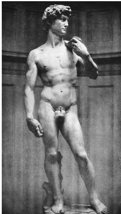
Statue of David, by Michelangelo Buonarroti, 1475-1564

“It is with the great King David that God seals the last of the Old Testament covenants.”
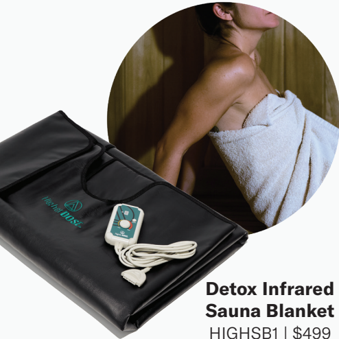
Detox Infrared Sauna Blanket HIGHSB1 | $499
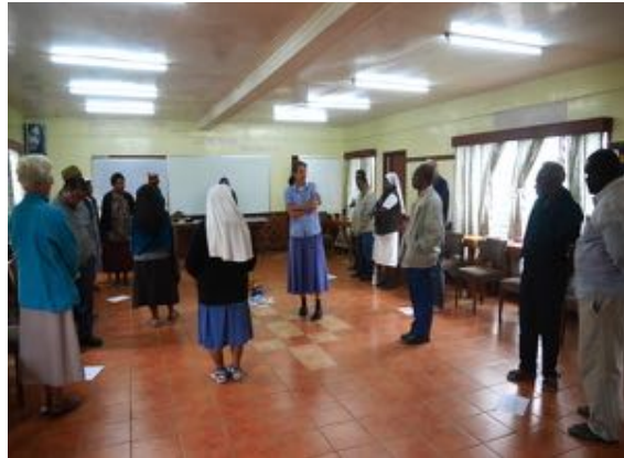
Photographs: Top upper left: Group photo of Diocesan Pastoral Leaders in Goroka Bottom right: Diocesan Pastoral Leaders during their Bibliodrama Training

LCI produces materials and holds conferences and courses in the area of liturgy, faith education and Bible.
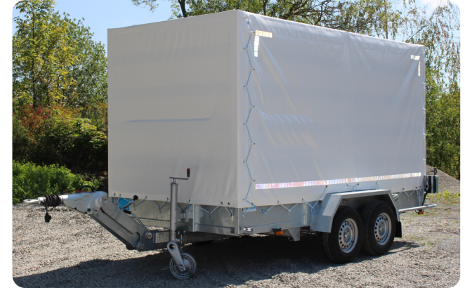
Tarpaulin top, strong support wheel and height adjustable drawbar
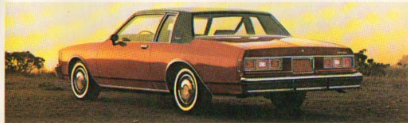
Impala Sport Coupe shown in cinnabar with available vinyl roof in black.

A WORD ABOUT THIS CATALOG. We have tried to make this catalog as comprehensive and factual as possible. And we hope you find it helpful. However, since the time of printing, some of the information you'll find here may have been updated. Also, some of the equipment illustrated or described throughout this catalog is available at extra cost. Your dealer has details and, before ordering, you should ask him to bring you up to date.
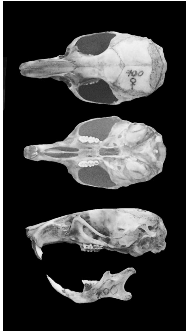
FIG. 2. Dorsal, ventral, and lateral views of cranium and lateral view of mandible of Peromyscus sejugis (adult male from Isla Santa Cruz, Baja California Sur, México, in the mammal collection of the Centro de Investigaciones Biológicas del Noroeste, number 700). Greatest length of cranium is 27.14 mm.
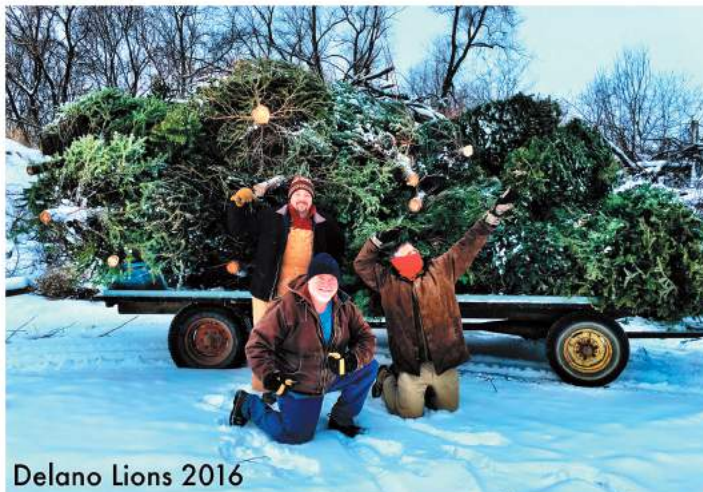
Delano Lions 2016

The Delano Lions collected Christmas trees and nearly 500 pounds of food donations Jan. 9.
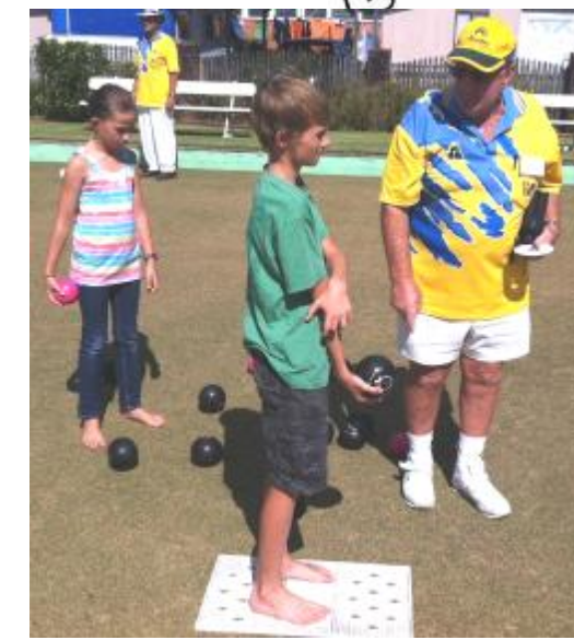
Sunshine Coast Academy training day
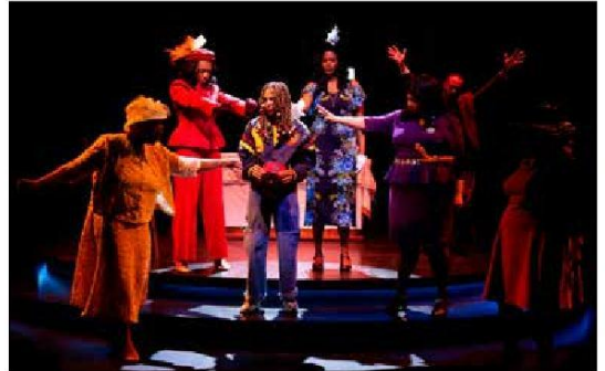
The company of Moonbox Productions staging of "Crowns" at Arrow Street Arts.

CROWNS, Moonbox Productions at Arrow Street Arts, Cambridge, through May 4. moonboxproductions.org
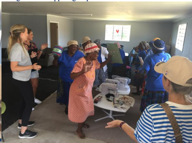
Grannies broke into song and dance after receiving the sewing machines.

It's hard enough parenting for the first time. It is even harder for these grannies who are parent for the second time. They lack resources and some of them, their health is failing them, yet they are caring for school-going grandchildren. The sewing and knitting activities have rejuvenated them. Most of them are learning these skills and using this opportunity to provide clothes for children during winter and improving their household incomes.
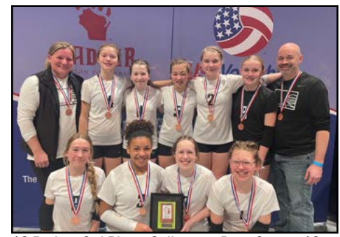
13 Badger 3rd Place: Spiketown Door County 13s
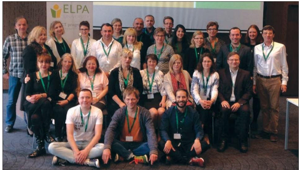
ELPA University students in Belgrade

Back in 2015, ELPA created ELPA University , a year-long capacity building programme on liver health and advocacy which combines both theoretical learning and skills based trainings. The course, designed in 3 – 4 modules, has been developed to enable ELPA members to confidently advocate for improved liver health services and care within their countries. During the 2016 we have continued with the good practice and organized new school year for 28 patient groups' representatives from 16 organisations, covering 13 countries.
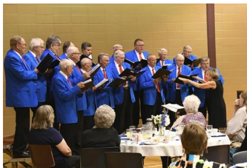
Mandskor sings at Sons of Norway Syttende Mai Banquet.

May 8 th we hosted a combined rehearsal of the Sioux Valley Singers. May 16 th we performed at the annual Sons of Norway Syttende Mai Banquet. The event took place in the Reformation Hall at First Lutheran Church.
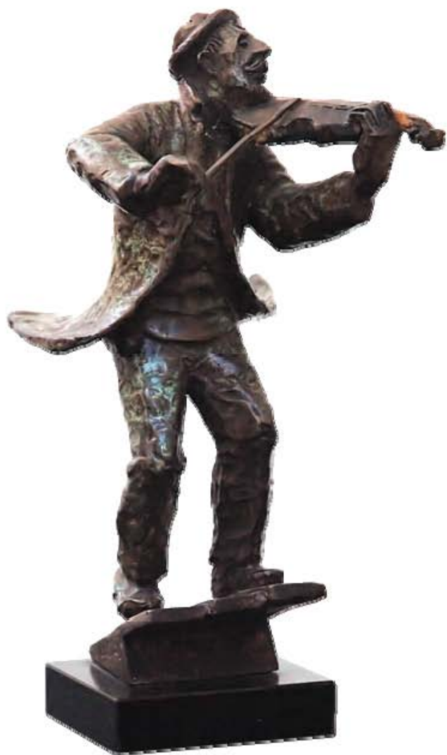
20. Fiddler of the roof (34 cm)
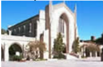
Daniel L. Marsh Chapel

Boston is the largest city in New England and the site of many significant events in early American Colonial and Revolutionary history. Much of that early flavor remains today in its cobbled streets, in its historic landmarks that bring alive Paul Revere's ride and the Boston Tea Party, and in the Federalist row houses on Beacon Hill. A historic seaport that grew to prominence in the days of the China trade and the whaling industry, the city maintains a thriving and picturesque waterfront. The New England Aquarium, one of the foremost in the world, shares the harborside with sightseeing cruise ships, traditional New England fishermen unloading their catches, international cargo traffic, and the U.S.S. Constitution, "Old Ironsides." Here, historic treasures intermingle with contemporary skyscrapers, evidence of the city's thriving business and financial community and its leading role in research and technology.
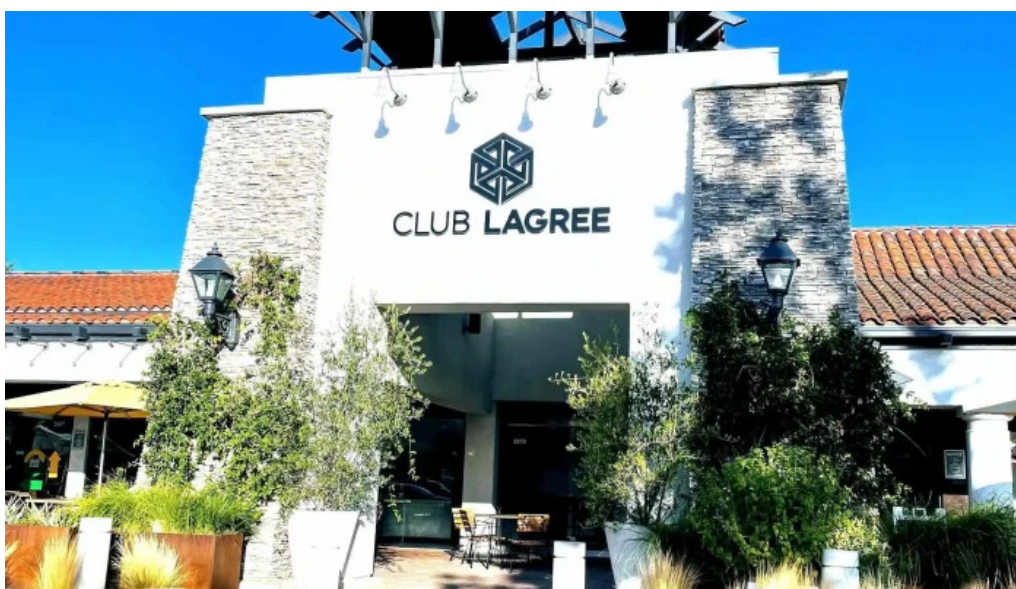
Club lagree all
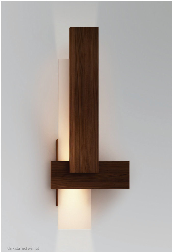
dark stained walnut

The Sedo is composed of just three floating planes all kept parallel to the wall. This simple composition cloaks the light engine from view and filters the light as it is delivered far up and down the wall. It's this wall grazing and diffuser glow that gives the Sedo a strong architectural presence.
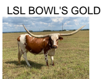
LSL BOWL'S GOLD
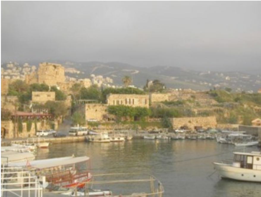
Pretty fishing port of Jbeil with the ancient ruins of Byblos

May 16 th birding at the IBA of Kfar Zabad and the wetland of Aamiq in the Bekaa Valley. I stayed two nights at the A Rocha project house in Aana.
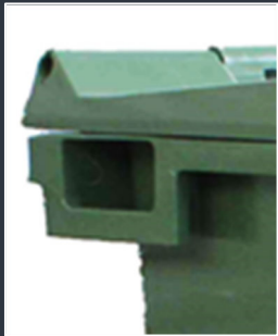
Robust Moulded Handle
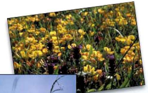
Setheal and common birds-foot trefoil

Jersey's wetlands have an important place in the natural diversity of Jersey but they are not extensive. These very special habitats are capable of sustaining a wide variety of wildlife, although many areas have been lost over the years due to the effects of intensive agriculture, urban sprawl and natural encroachment. St Ouen's pond, on the Island's west coast, is probably the most significant wetland area in Jersey. It is a dedicated nature reserve with open water, reed beds and a marshy perimeter providing a rich selection of habitats for birds, fish, insects and flowers. The reed beds are home to bearded reedlings and Cetti's warblers. In recent winters bitterns have discovered this wetland haven and hunt here for fish and insect larvae.
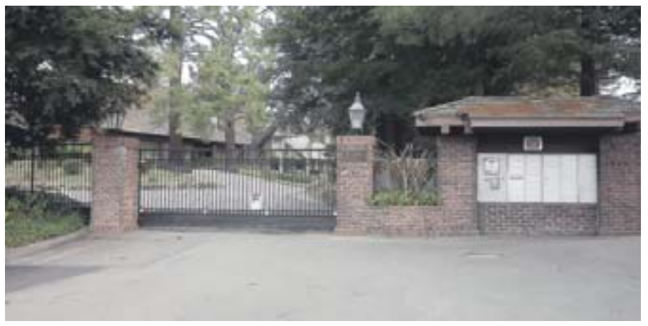
Sky Hy residents straddle the hillside between Lafavette and Moraga. Its high school students attend Campolindo.
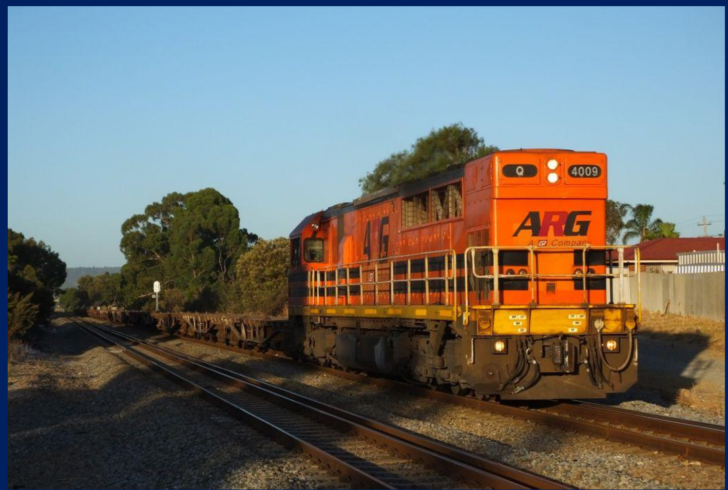
Q4009 on 2170 empty container wagons Forrestfield to Kwinana at Thornlie 23/1.
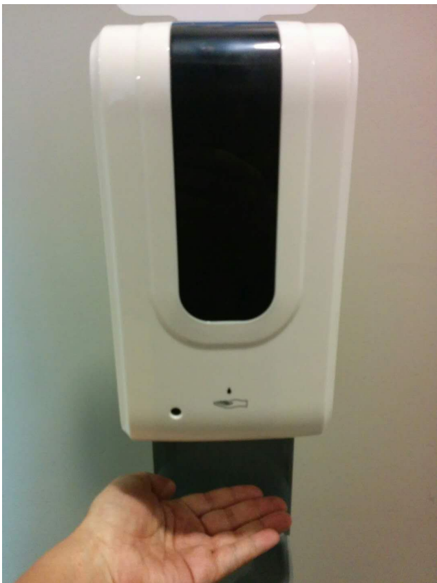
15) With dispenser on, place hand under dispenser for sensor to activate dispenser.
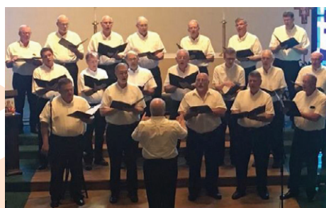
Marshalltown Men's Chorus

• Saturday, April 13: The Marshalltown Men's Chorus will present their 64th Annual Concert, "American Bandstand Reverie!" featuring music of the 1950s and 1960s. Held at the Marshalltown High School/Community Auditorium (1602 South 2nd Avenue), the concert will begin at 6:30 p.m. For ticket information, call 641-753-7275.
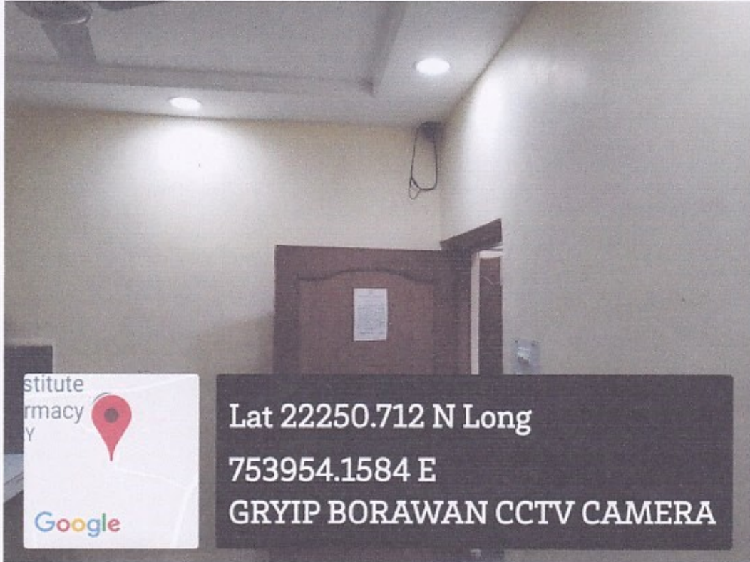
CCTV in class rooms and labs
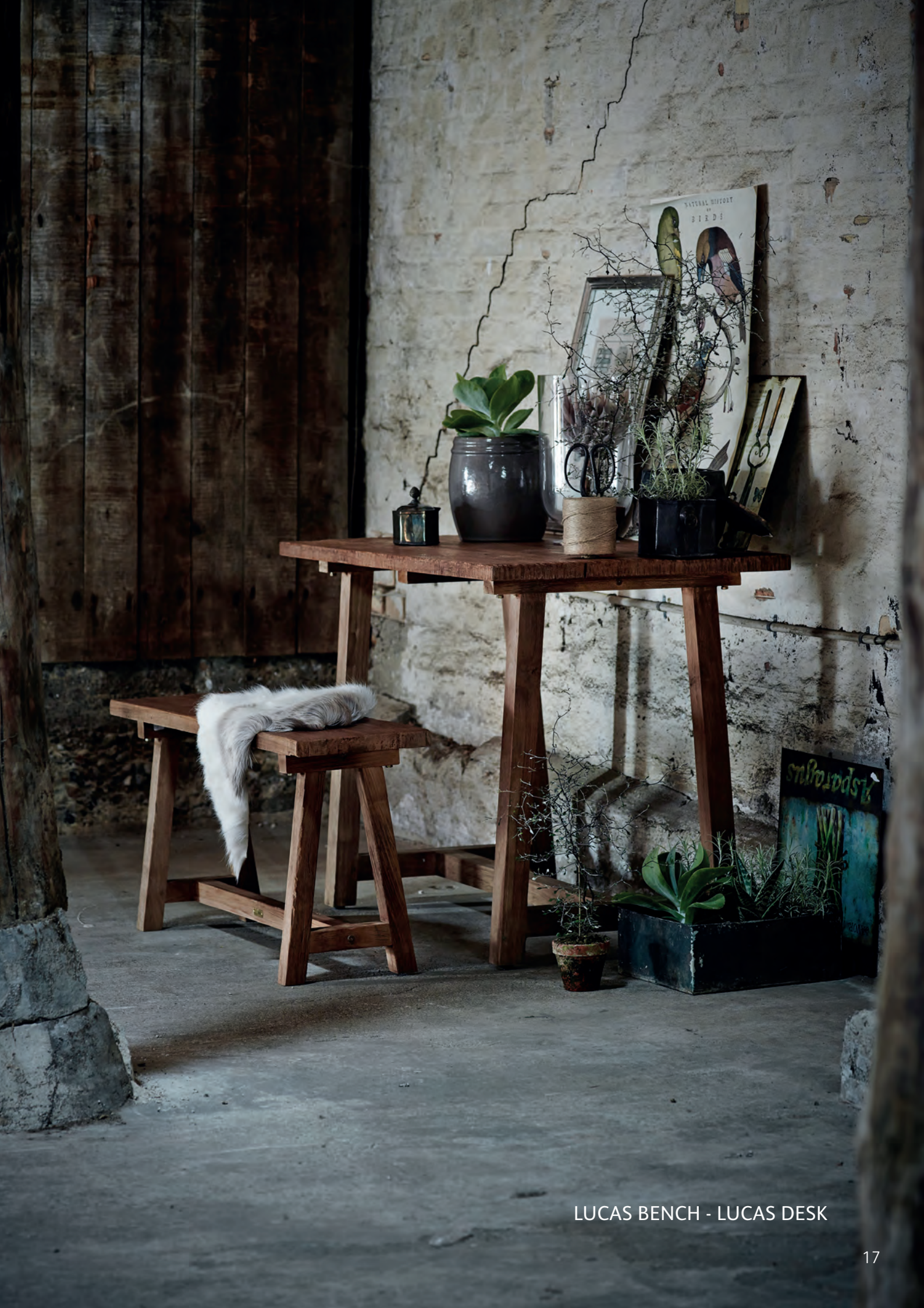
LUCAS BENCH - LUCAS DESK
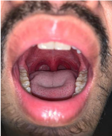
Figure 1. Hyperemia of the uvula and soft palate of the oropharynx
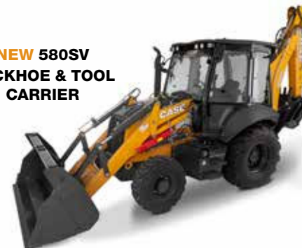
NEW 580SV BACKHOE & TOOL CARRIER
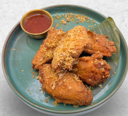
FRIED CHICKEN WINGS
+--
Restate the records above in full, word for word. Keep pictures out.

Statue of David, by Michelangelo Buonarroti, 1475-1564

“It is with the great King David that God seals the last of the Old Testament covenants.”
Detox Infrared Sauna Blanket HIGHSB1 | $499
Photographs: Top upper left: Group photo of Diocesan Pastoral Leaders in Goroka Bottom right: Diocesan Pastoral Leaders during their Bibliodrama Training

LCI produces materials and holds conferences and courses in the area of liturgy, faith education and Bible.
Tarpaulin top, strong support wheel and height adjustable drawbar
Impala Sport Coupe shown in cinnabar with available vinyl roof in black.

A WORD ABOUT THIS CATALOG. We have tried to make this catalog as comprehensive and factual as possible. And we hope you find it helpful. However, since the time of printing, some of the information you'll find here may have been updated. Also, some of the equipment illustrated or described throughout this catalog is available at extra cost. Your dealer has details and, before ordering, you should ask him to bring you up to date.
FIG. 2. Dorsal, ventral, and lateral views of cranium and lateral view of mandible of Peromyscus sejugis (adult male from Isla Santa Cruz, Baja California Sur, México, in the mammal collection of the Centro de Investigaciones Biológicas del Noroeste, number 700). Greatest length of cranium is 27.14 mm.
Delano Lions 2016

The Delano Lions collected Christmas trees and nearly 500 pounds of food donations Jan. 9.
Sunshine Coast Academy training day
The company of Moonbox Productions staging of "Crowns" at Arrow Street Arts.

CROWNS, Moonbox Productions at Arrow Street Arts, Cambridge, through May 4. moonboxproductions.org
Grannies broke into song and dance after receiving the sewing machines.

It's hard enough parenting for the first time. It is even harder for these grannies who are parent for the second time. They lack resources and some of them, their health is failing them, yet they are caring for school-going grandchildren. The sewing and knitting activities have rejuvenated them. Most of them are learning these skills and using this opportunity to provide clothes for children during winter and improving their household incomes.
13 Badger 3rd Place: Spiketown Door County 13s
ELPA University students in Belgrade

Back in 2015, ELPA created ELPA University , a year-long capacity building programme on liver health and advocacy which combines both theoretical learning and skills based trainings. The course, designed in 3 – 4 modules, has been developed to enable ELPA members to confidently advocate for improved liver health services and care within their countries. During the 2016 we have continued with the good practice and organized new school year for 28 patient groups' representatives from 16 organisations, covering 13 countries.
Mandskor sings at Sons of Norway Syttende Mai Banquet.

May 8 th we hosted a combined rehearsal of the Sioux Valley Singers. May 16 th we performed at the annual Sons of Norway Syttende Mai Banquet. The event took place in the Reformation Hall at First Lutheran Church.
20. Fiddler of the roof (34 cm)
Daniel L. Marsh Chapel

Boston is the largest city in New England and the site of many significant events in early American Colonial and Revolutionary history. Much of that early flavor remains today in its cobbled streets, in its historic landmarks that bring alive Paul Revere's ride and the Boston Tea Party, and in the Federalist row houses on Beacon Hill. A historic seaport that grew to prominence in the days of the China trade and the whaling industry, the city maintains a thriving and picturesque waterfront. The New England Aquarium, one of the foremost in the world, shares the harborside with sightseeing cruise ships, traditional New England fishermen unloading their catches, international cargo traffic, and the U.S.S. Constitution, "Old Ironsides." Here, historic treasures intermingle with contemporary skyscrapers, evidence of the city's thriving business and financial community and its leading role in research and technology.
Club lagree all
dark stained walnut

The Sedo is composed of just three floating planes all kept parallel to the wall. This simple composition cloaks the light engine from view and filters the light as it is delivered far up and down the wall. It's this wall grazing and diffuser glow that gives the Sedo a strong architectural presence.
LSL BOWL'S GOLD
Pretty fishing port of Jbeil with the ancient ruins of Byblos

May 16 th birding at the IBA of Kfar Zabad and the wetland of Aamiq in the Bekaa Valley. I stayed two nights at the A Rocha project house in Aana.
Robust Moulded Handle
Setheal and common birds-foot trefoil

Jersey's wetlands have an important place in the natural diversity of Jersey but they are not extensive. These very special habitats are capable of sustaining a wide variety of wildlife, although many areas have been lost over the years due to the effects of intensive agriculture, urban sprawl and natural encroachment. St Ouen's pond, on the Island's west coast, is probably the most significant wetland area in Jersey. It is a dedicated nature reserve with open water, reed beds and a marshy perimeter providing a rich selection of habitats for birds, fish, insects and flowers. The reed beds are home to bearded reedlings and Cetti's warblers. In recent winters bitterns have discovered this wetland haven and hunt here for fish and insect larvae.
Sky Hy residents straddle the hillside between Lafavette and Moraga. Its high school students attend Campolindo.
Q4009 on 2170 empty container wagons Forrestfield to Kwinana at Thornlie 23/1.
15) With dispenser on, place hand under dispenser for sensor to activate dispenser.
Marshalltown Men's Chorus

• Saturday, April 13: The Marshalltown Men's Chorus will present their 64th Annual Concert, "American Bandstand Reverie!" featuring music of the 1950s and 1960s. Held at the Marshalltown High School/Community Auditorium (1602 South 2nd Avenue), the concert will begin at 6:30 p.m. For ticket information, call 641-753-7275.
CCTV in class rooms and labs
LUCAS BENCH - LUCAS DESK
Figure 1. Hyperemia of the uvula and soft palate of the oropharynx
NEW 580SV BACKHOE & TOOL CARRIER
FRIED CHICKEN WINGS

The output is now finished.